Learnable Privacy Neurons Localization in Language Models
Ruizhe Chen, Tianxiang Hu, Yang Feng, Zuozhu Liu
TL;DR
This work tackles the challenge of PII memorization in large language models by introducing Learnable Privacy Neurons Localization, a method that identifies a small subset of neurons responsible for PII leakage. It uses differentiable binary masks based on a HardConcrete distribution and an adversarial training regime to suppress PII predictions while maintaining non-sensitive language modeling, aided by an $L_0$-style sparsity penalty. The study finds that PII memorization is localized across many layers but concentrates in the MLP components, with category-specific privacy neurons; deactivating these neurons effectively mitigates leakage with minimal degradation to general performance. Practically, this approach offers a targeted, post-hoc privacy safeguard that could complement data sanitization and differential privacy, enabling more scalable privacy protections for LLM deployments.
Abstract
Concerns regarding Large Language Models (LLMs) to memorize and disclose private information, particularly Personally Identifiable Information (PII), become prominent within the community. Many efforts have been made to mitigate the privacy risks. However, the mechanism through which LLMs memorize PII remains poorly understood. To bridge this gap, we introduce a pioneering method for pinpointing PII-sensitive neurons (privacy neurons) within LLMs.
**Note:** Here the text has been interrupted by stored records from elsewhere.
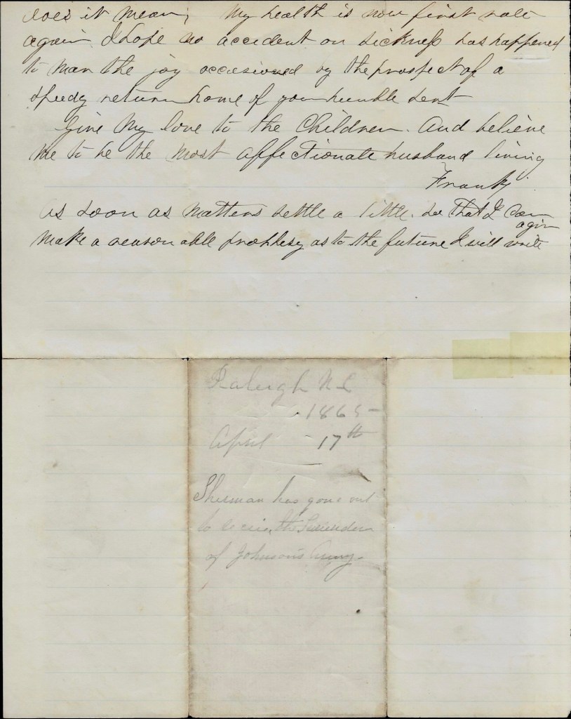 Give my love to the children. Hoping to hear from you every day, I remain, my dear wife, as ever your very devoted husband, — Frank
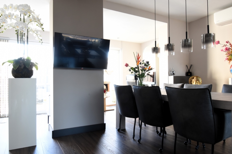De woonkamer en keuken vormen een mooi, ruim geheel.
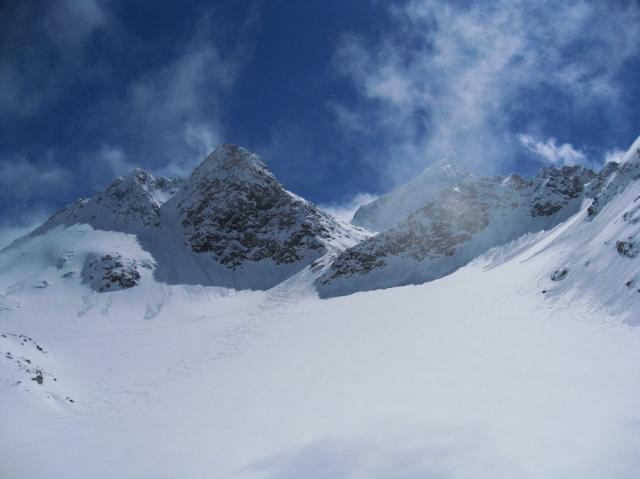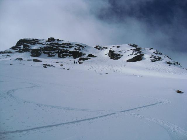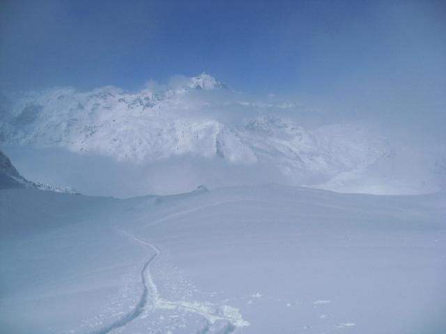 Heute, Ostermontag, erneuter Anlauf bei bestem Wetter. Aufgrund des Sturms heute große Treibschneeansammlungen und entsprechend mit großer Vorsicht gegangen. Nicht über die normale Route auf den Gipfel, sondern über eine kleine Rinne auf den Südostrücken und weiter zum Gipfel. Abfaht bei pefektem Firn.
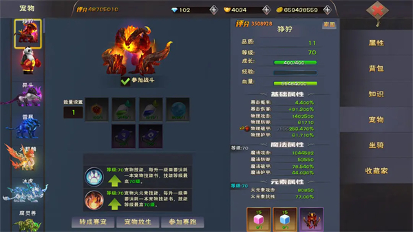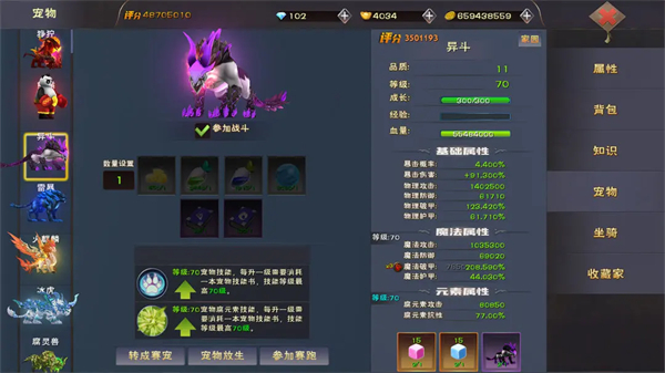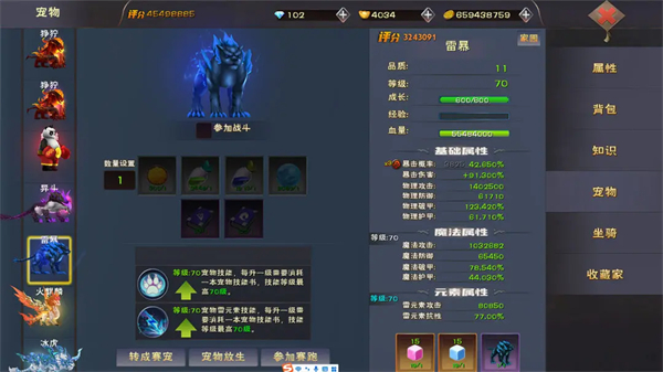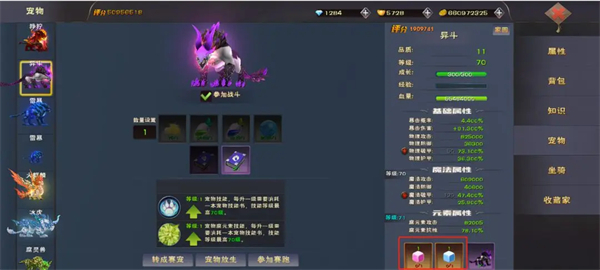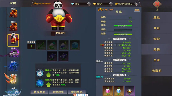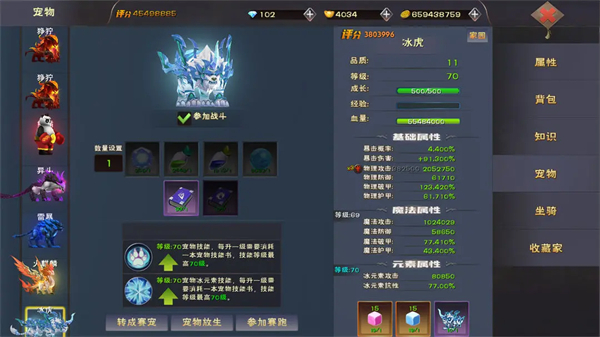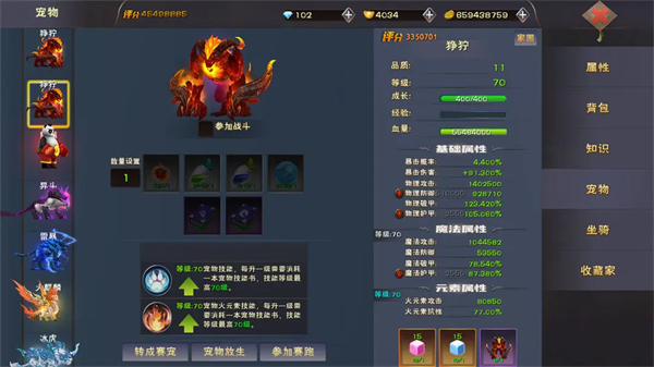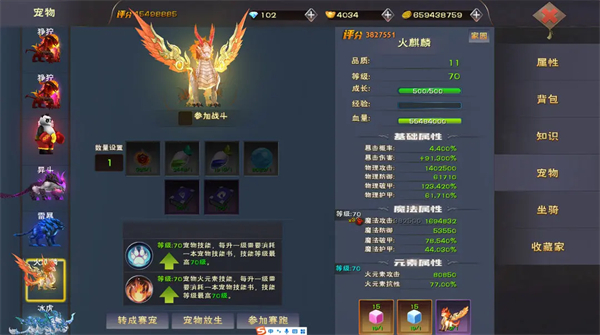 3. 同时宠物还拥有元素属性,使用元素技能书可提高宠物的元素攻击力。

Our method employs learnable binary weight masks to localize specific neurons that account for the memorization of PII in LLMs through adversarial training. Our investigations discover that PII is memorized by a small subset of neurons across all layers, which shows the property of PII specificity. Furthermore, we propose to validate the potential in PII risk mitigation by deactivating the localized privacy neurons. Both quantitative and qualitative experiments demonstrate the effectiveness of our neuron localization algorithm.